Un fracaso absoluto e inocultable. Las generaciones a las que nos correspondió conducir a México desde el autoritarismo priista hacia la democracia hemos fracasado brutalmente. Teníamos la obligación de construir un país más libre, más justo, más igualitario, y de desmontar las estructuras de corrupción, discrecionalidad y mentira en que se cimentaba el antiguo régimen: un cuarto de siglo -y tres partidos políticos y cuatro presidentes- después, el saldo resulta pavoroso. Por terrible que suene, este México, el México que les heredamos a nuestros hijos y nietos, es aún más brutal, más inequitativo y más salvaje que aquel donde nacimos.

La entrega de la seguridad pública a los militares -así como otros tantos aspectos clave de nuestra vida pública: los puertos, las aduanas, la construcción de infraestructura- no podría ser vista, ni siquiera por López Obrador y su partido, sino como el reconocimiento explícito de esta derrota de la sociedad, del pueblo -para usar la palabra que él mejor manipula- y de la democracia. Poco importa que, según su criterio, haya cambiado de opinión porque no había otra salida: sus dichos significan una claudicación absoluta -porque ni siquiera entrevé o prepara una salida en el futuro- a un problema que ve insoluble.

¿Cómo llegamos aquí? ¿Cómo nos convertimos en uno de los escasísimos países en el orbe que entregan la seguridad pública al Ejército, al lado de Arabia Saudita, Nicaragua, Irán o Birmania? ¿Qué ocurrió para que las esperanzas democráticas del 2000 se viesen radicalmente frustradas al cabo de estos lustros? ¿Cómo permitimos que México se desgajara en una violencia ciega y cómo admitimos que todo lo que nuestros políticos han hecho para revertirla o frenarla haya resultado no solo inútil, sino todavía más dañino? ¿Y cómo es que, a estas alturas, no hemos aprendido nada?

La responsabilidad comienza con el PAN de Fox: en unos pocos meses, su legitimidad se vio minada y su gobierno exhibió su ineficiencia y su torpeza, al tiempo que el PRI bloqueaba cualquier cambio real. Fue entonces, en ese impulso democrático, cuando debimos haber construido un sistema de justicia independiente, eficaz, confiable: nadie se preocupó por ello. En ese mendaz Estado de derecho, diseñado para proteger a los poderosos, distintos grupos criminales, cobijados siempre por los gobernantes, comenzaron a descubrir un escenario propicio.

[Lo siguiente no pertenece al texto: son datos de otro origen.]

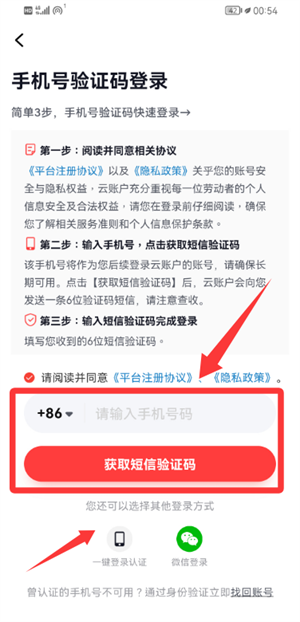 2、随后在登录页面输入手机号,点击获取短信验证码完成验证。
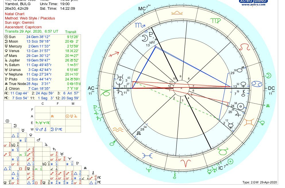 Един от факторите е Уран в Скорпион,  в четвърти, в твърд аспект с оста на хоризонта, заедно с Луна, Рак на К12. Оста на меридиана е психологическата лична ос - двигателчето. В зависимост от зодиакалните знаци, планети там. Останалото е синтез от характеристика на знаци, домове, анализ на мидпойнти, триплицитетни управители. И не на последно място - усет.
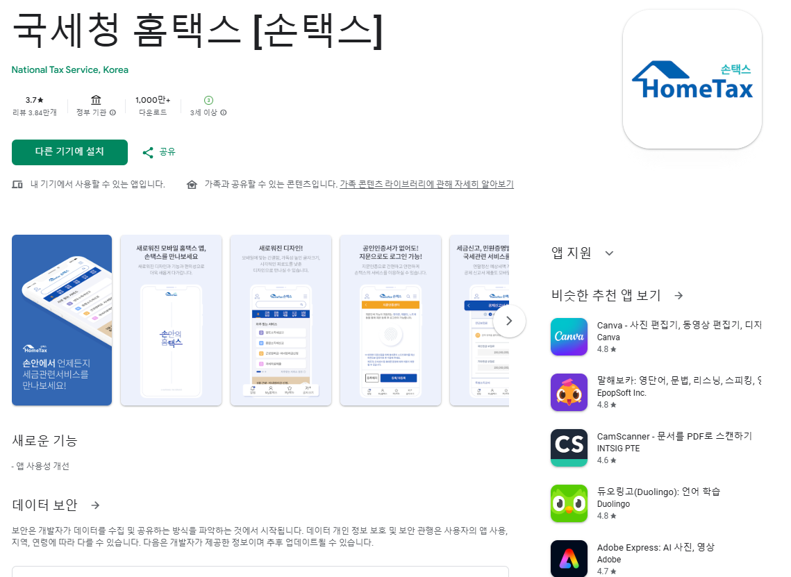 모바일 홈택스(손택스) 앱을 이용한 전자신고도 가능합니다.
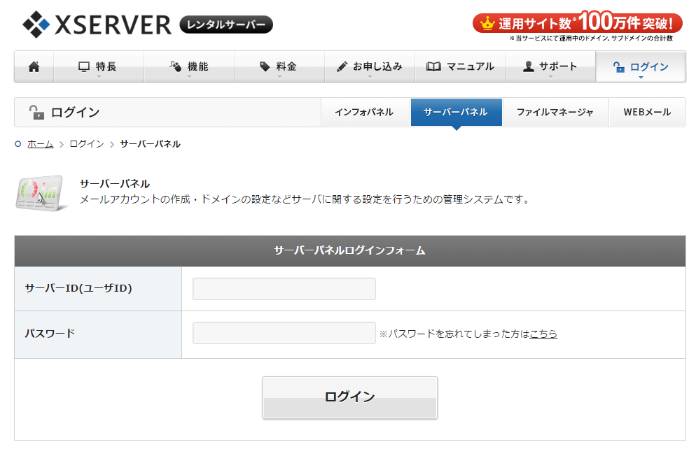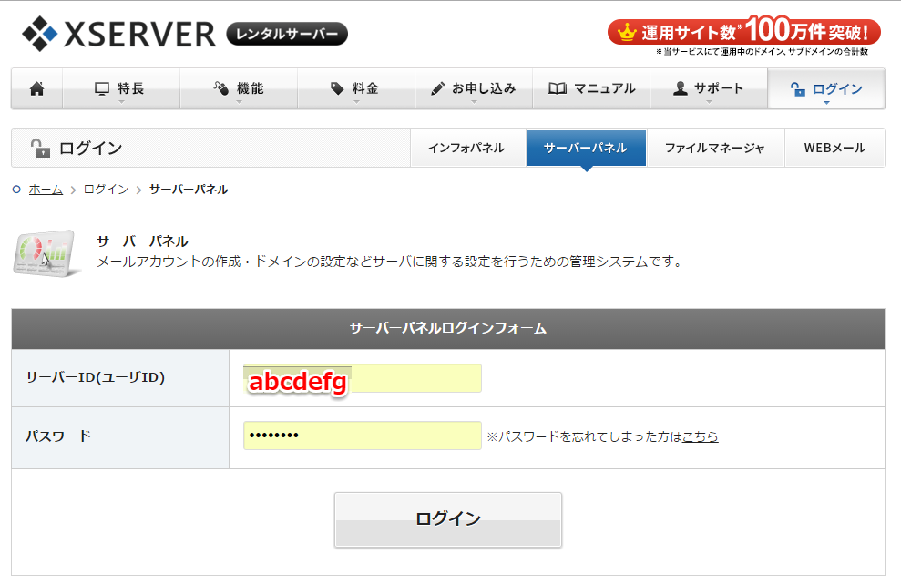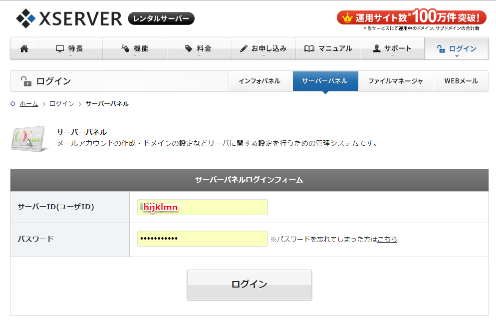 このようにIDとパスワードが入っていますので、ログインをクリックしただけですぐにサーバーパネルに入れるようになります(^^)/
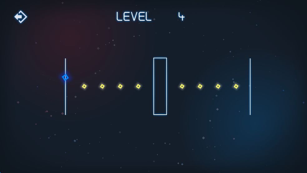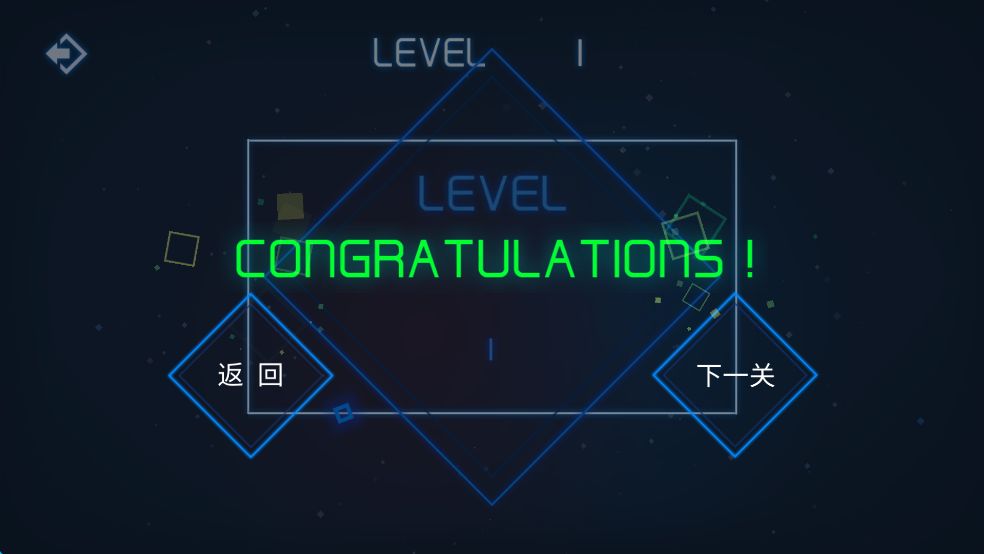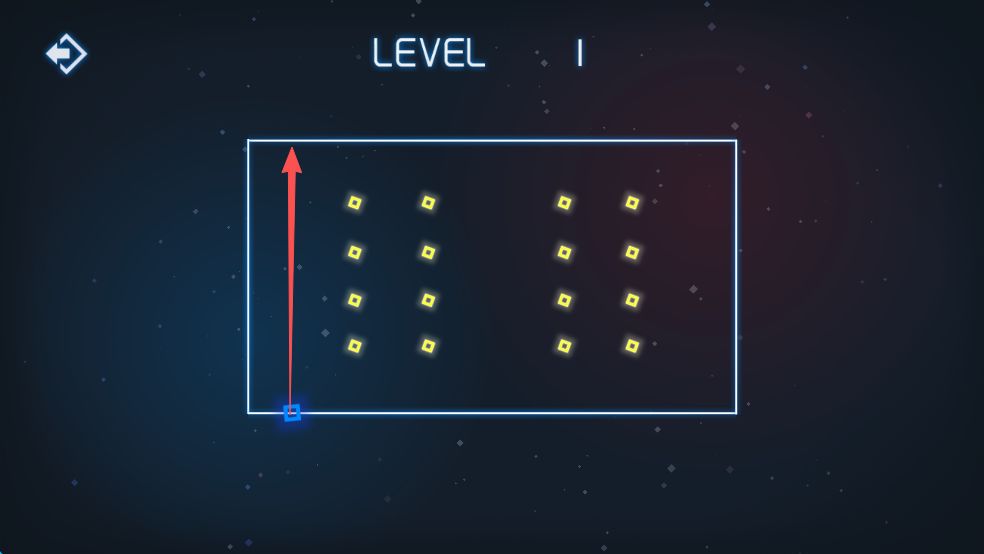 4、需要注意的是,个别白线并不会相互配对,下图中,中间长方形的上下两白线,将会向外的“虚空”跳去,这就会导致蓝色正方形消失,游戏也将结束。
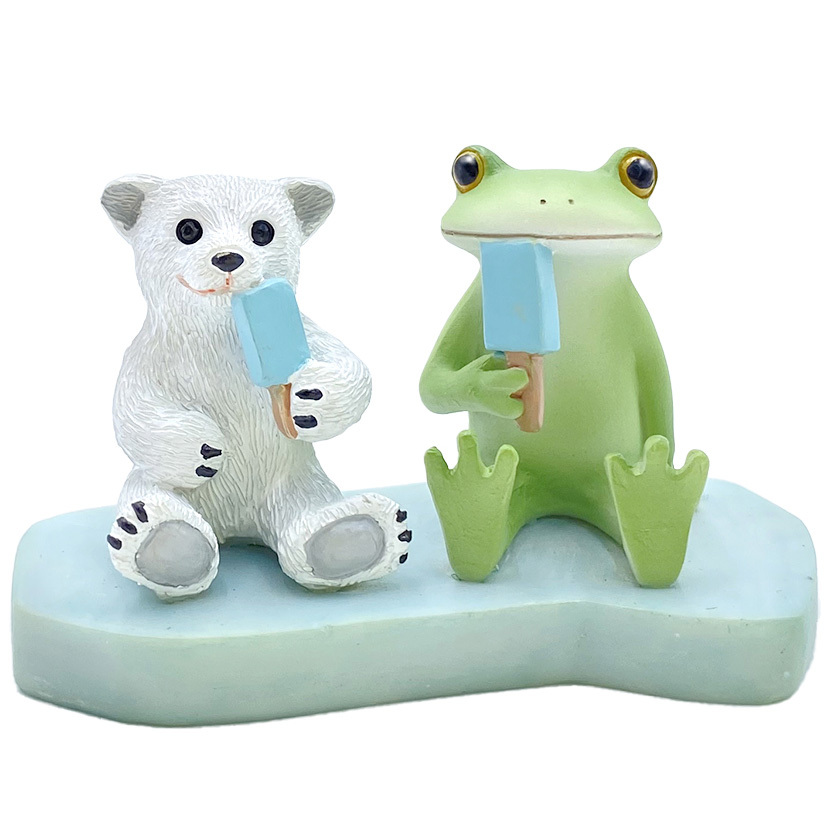 流氷の上で白熊と並んでアイスキャンディーを食べるカエル。
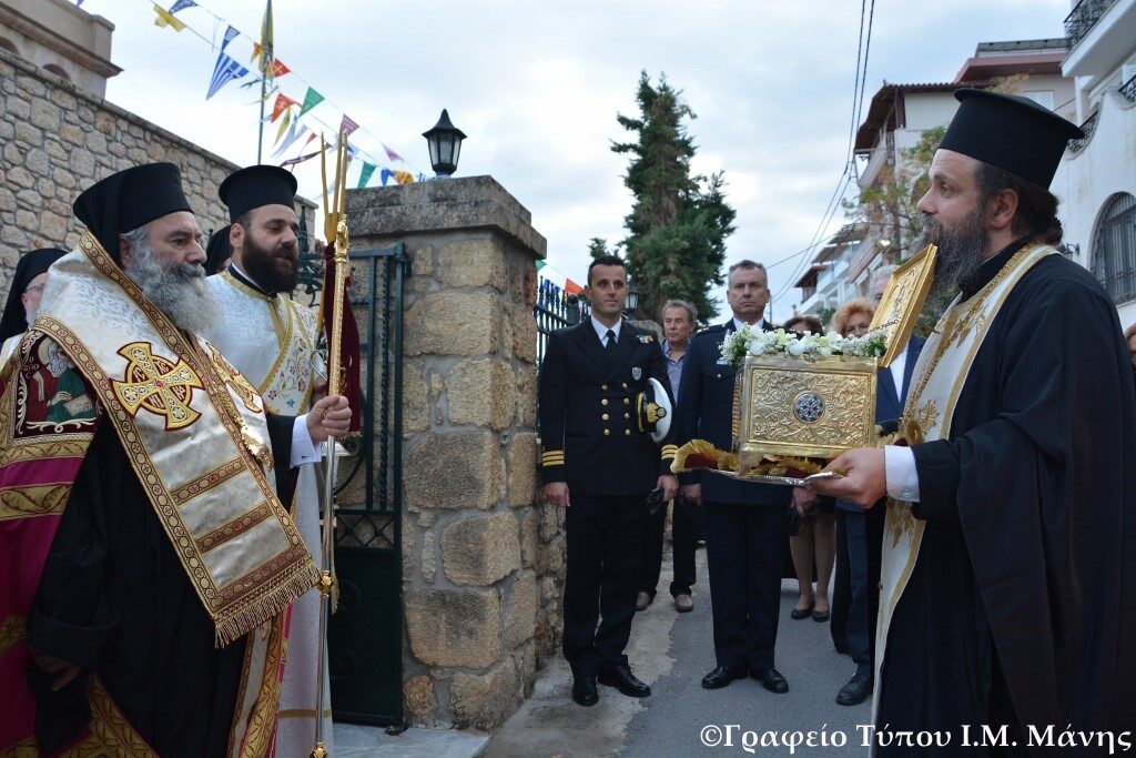 Μετά την υποδοχή της τιμίας κάρας, υπό του Σεβ. Μητροπολίτου Μάνης κ. Χρυσοστόμου Γ’, πλαισιουμένου υπό πλειάδος ιερέων της Ιεράς Μητροπόλεώς, τελέσθηκαν ο Αρχιερατικός Εσπερινός και το Ιερό Μυστήριο του Ευχελαίου.

Aun así, las cifras de homicidios eran las más bajas en mucho tiempo. Obsesionado con legitimarse tras las conflictivas elecciones del 2006 y sin conocer el país que iban a gobernar, Felipe Calderón y el PAN iniciaron la pesadilla: la ocurrencia de enviar a los militares al lado de la policía en operativos conjuntos -la apertura de la caja de Pandora- derivó en la sorpresiva guerra contra el narco y en la puesta en marcha del estado de excepción permanente. Comenzaron a limitarse los derechos -con la prisión preventiva oficiosa, por ejemplo- y el despliegue militar en todo nuestro territorio no solo no contuvo la violencia, sino que la aumentó a niveles nunca vistos. Nuestras cifras de muertes, desapariciones y violaciones a los derechos humanos derivan de esa irresponsable decisión.

El PRI de Peña Nieto apenas hizo otra cosa que disimular la misma estrategia. Ayotzinapa se convirtió en el emblema del contubernio entre el crimen organizado, los militares y los poderes públicos: la culpa fue del Estado porque intervinieron sus órganos, entre ellos el propio Ejército. Tras prometer acabar con la militarización, mecanismos de justicia alternativa y una reforma integral al sistema, López Obrador y Morena han hecho lo contrario: llevar a sus límites la apuesta de Calderón cediendo al chantaje militar y entregando legalmente al Ejército nuestra seguridad. El mismo Ejército de Fox, de Calderón y de Peña. El mismo Ejército que nadie podrá controlar ni supervisar.

Costará muchos años -y enormes esfuerzos- revertir nuestro fracaso. Reconocerlo al menos serviría para que los jóvenes se atrevan a imaginar alternativas al horror fraguado por toda nuestra clase política -PAN, PRI, Morena- con nuestra complicidad o nuestro pasmo.